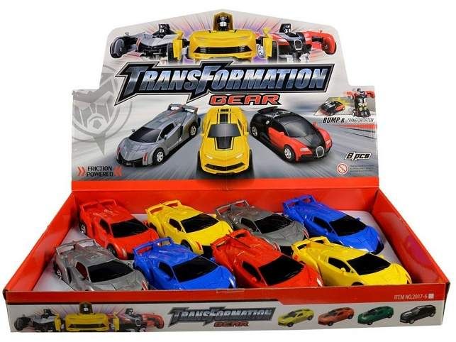 Auto - robot na setrvačník, 14 cm, 8 ks v boxu, 39 x 26 cm. Dvě hračky v jenom. Během hry si můžeš vybrat s čím si budeš hrát. Hračka je určena pro děti 3+. Rozměr hračky je 4 x 14 x 6 cm. Materiál hračky je plast. Balení hračky je display box. Produkt je určený pro kluky. Baterie nejsou součástí balení.
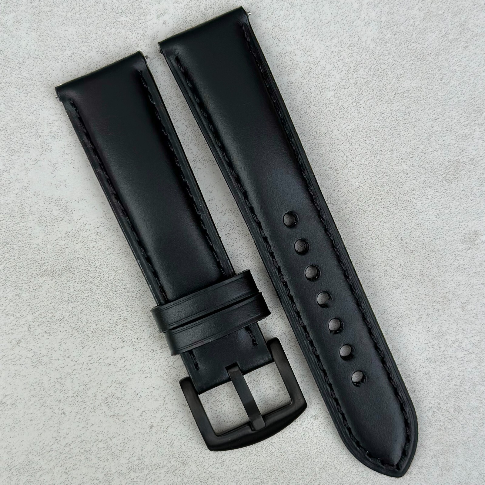Black Padded Leather Watch Strap Black Buckle 18mm 19mm 20mm 21mm 22mm 24mm
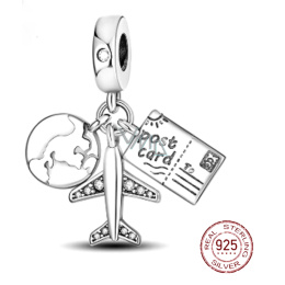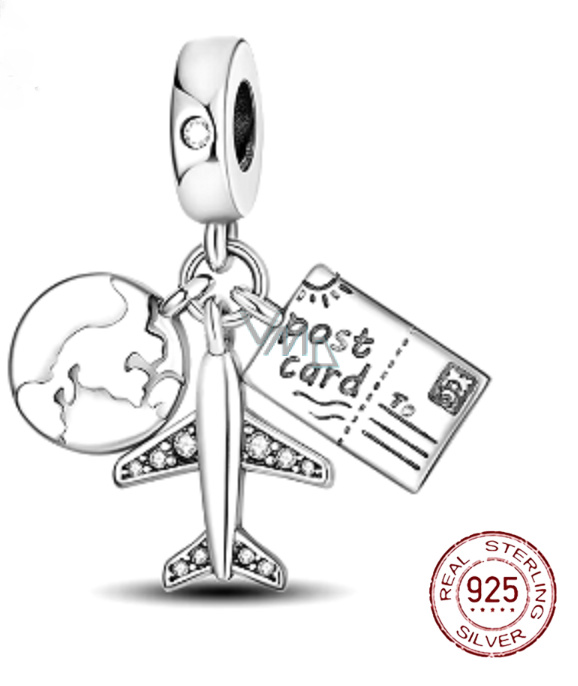 Srebrny naszyj 925 Podróżny naszyj 3w1, globus, paszport, samolot
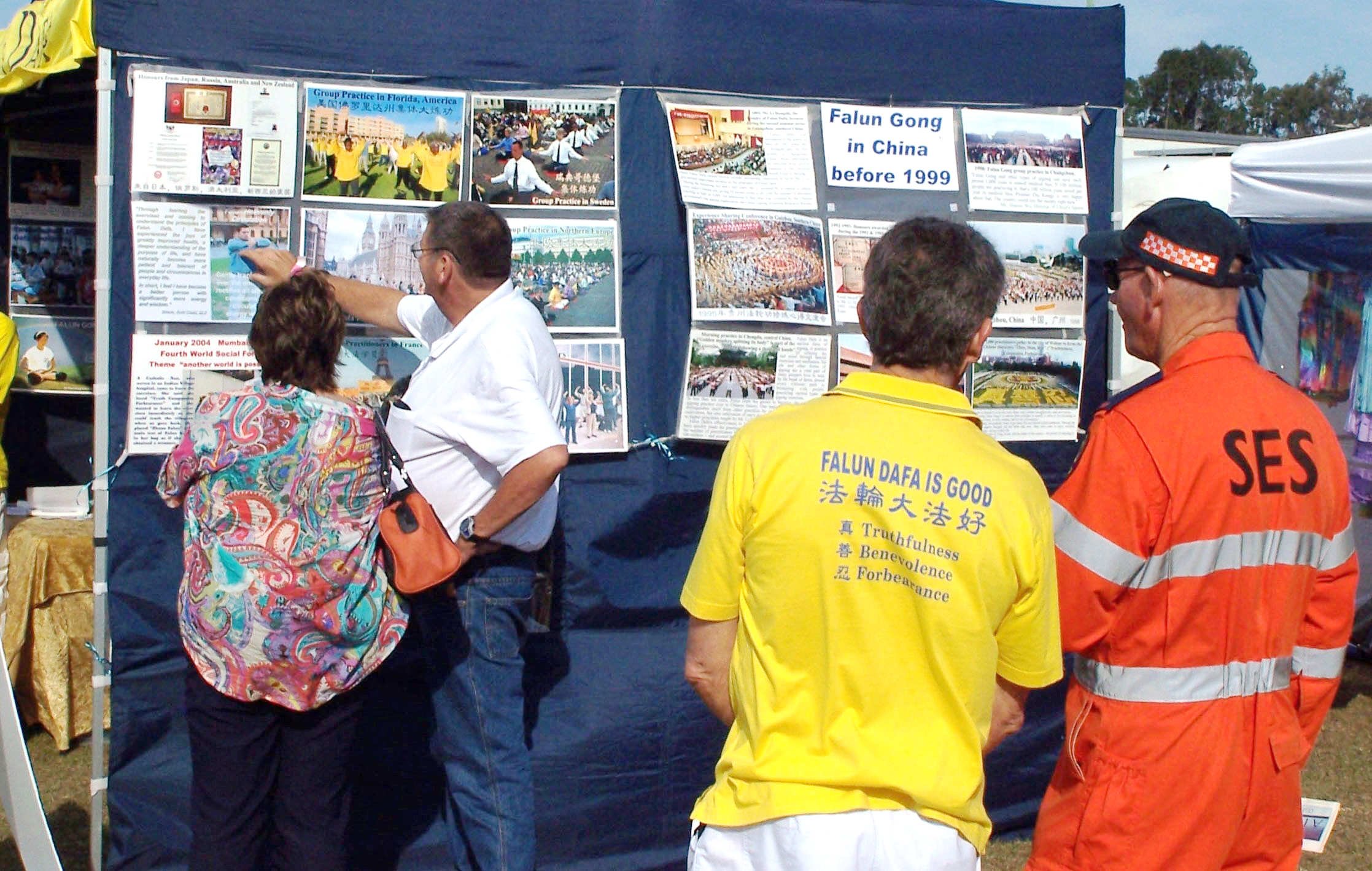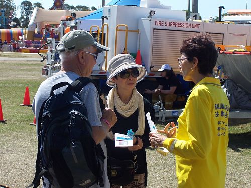 两名在现场工作的州应急服务中心(State Emergency Service, 简称SES)人员看了法轮功展位一整天,他们对中国学员遭受迫害的程度感到不可思议,并非常感谢学员告诉他们迫害的真相。
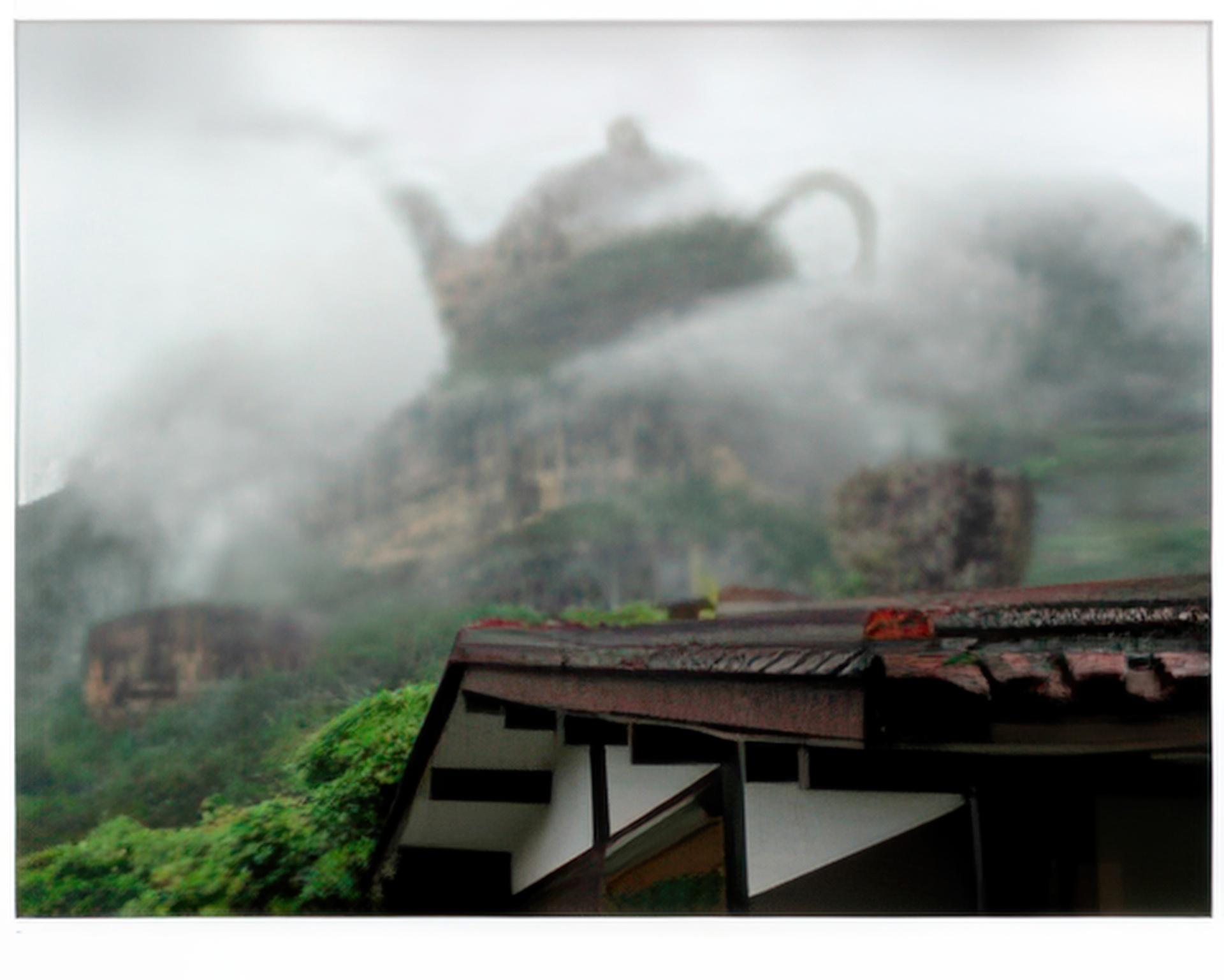 In the spring of 2001, my wife and I were invited to participate in a tea tour that took us to regions of China that are famous for producing tea. When I arrived in Wuyi Shan, I was overwhelmed by the beauty of the landscape of the Wuyi Mountains, the peaks shrouded in mist, and in my mind, I could see all kinds of fantastic shapes. It was just so rich in atmosphere. As I took photographs of these mountains, I knew, as a surrealist, that I wanted to show steaming teapots and tea cups in the mist. When I arrived home, I downloaded my pictures, and I was able to produce these images by enhancing the shapes on the computer, creating “surrealistic photographs.” I strived to preserve the realism of these photographs using special effects to recreate what I had seen in my mind. On this tea tour, I was learning new things about tea and how it came to be. We visited a teapot factory in Yixing, particpated in tea ceremonies, and traveled to nearby regions to see tea farms and tea factories. I was strongly impressed by the way tea affects so many aspects of life and nature. The elements (earth, air, water, and fire) all relate back to tea and are crucial to each stage of growth, oxidation, and steeping. It’s no wonder that the resulting drink nourishes our bodies as well as our souls. I wanted to show how these elements of nature served as strong inspiration for these pictures. People often ask me the same question about the Wuyi Mountains: Do they really look like that? I always reply: Yes, they do. In my mind, that was how I saw the mountains, with all those shapes in the landscapes. Relatively very little manipulation was needed for the finished images. The landscape itself was very suggestive. So these questions convince me that I succeeded in creating the effect I wanted. The photographs were taken in April 2001. I created the series of images in August 2002 in preparation for an art exhibit at Tea-Tray in the Sky in Arlington, Massachusetts the following month Technical Overview The Wuyi Mountains Series was published as a set of 12 prints in a box set. The photographs have been exhibited throughout the United States and have been seen in Tea, A Magazine. The photographs were shot with a Nikon Coolpix 800 digitial camera. After the photographs were downloaded to a Mac G4, 12 photographs were selected and taken into Adobe Photoshop to be manipulated: erasing portions of the photograph, cutting and pasting elements within the compostion, and air-brushing were all used to create the effects you see in this series. Once the images were completed, they were printed on an Epson 1270 Photo Printer.

------------------------------------

*TASK BRIEF*:
Could you output all of the records exactly, without their pictures?

*SOLUTION FOR THIS TASK*:
 Auto - robot na setrvačník, 14 cm, 8 ks v boxu, 39 x 26 cm. Dvě hračky v jenom. Během hry si můžeš vybrat s čím si budeš hrát. Hračka je určena pro děti 3+. Rozměr hračky je 4 x 14 x 6 cm. Materiál hračky je plast. Balení hračky je display box. Produkt je určený pro kluky. Baterie nejsou součástí balení.
Black Padded Leather Watch Strap Black Buckle 18mm 19mm 20mm 21mm 22mm 24mm
 Srebrny naszyj 925 Podróżny naszyj 3w1, globus, paszport, samolot
 两名在现场工作的州应急服务中心(State Emergency Service, 简称SES)人员看了法轮功展位一整天,他们对中国学员遭受迫害的程度感到不可思议,并非常感谢学员告诉他们迫害的真相。
 In the spring of 2001, my wife and I were invited to participate in a tea tour that took us to regions of China that are famous for producing tea. When I arrived in Wuyi Shan, I was overwhelmed by the beauty of the landscape of the Wuyi Mountains, the peaks shrouded in mist, and in my mind, I could see all kinds of fantastic shapes. It was just so rich in atmosphere. As I took photographs of these mountains, I knew, as a surrealist, that I wanted to show steaming teapots and tea cups in the mist. When I arrived home, I downloaded my pictures, and I was able to produce these images by enhancing the shapes on the computer, creating “surrealistic photographs.” I strived to preserve the realism of these photographs using special effects to recreate what I had seen in my mind. On this tea tour, I was learning new things about tea and how it came to be. We visited a teapot factory in Yixing, particpated in tea ceremonies, and traveled to nearby regions to see tea farms and tea factories. I was strongly impressed by the way tea affects so many aspects of life and nature. The elements (earth, air, water, and fire) all relate back to tea and are crucial to each stage of growth, oxidation, and steeping. It’s no wonder that the resulting drink nourishes our bodies as well as our souls. I wanted to show how these elements of nature served as strong inspiration for these pictures. People often ask me the same question about the Wuyi Mountains: Do they really look like that? I always reply: Yes, they do. In my mind, that was how I saw the mountains, with all those shapes in the landscapes. Relatively very little manipulation was needed for the finished images. The landscape itself was very suggestive. So these questions convince me that I succeeded in creating the effect I wanted. The photographs were taken in April 2001. I created the series of images in August 2002 in preparation for an art exhibit at Tea-Tray in the Sky in Arlington, Massachusetts the following month Technical Overview The Wuyi Mountains Series was published as a set of 12 prints in a box set. The photographs have been exhibited throughout the United States and have been seen in Tea, A Magazine. The photographs were shot with a Nikon Coolpix 800 digitial camera. After the photographs were downloaded to a Mac G4, 12 photographs were selected and taken into Adobe Photoshop to be manipulated: erasing portions of the photograph, cutting and pasting elements within the compostion, and air-brushing were all used to create the effects you see in this series. Once the images were completed, they were printed on an Epson 1270 Photo Printer.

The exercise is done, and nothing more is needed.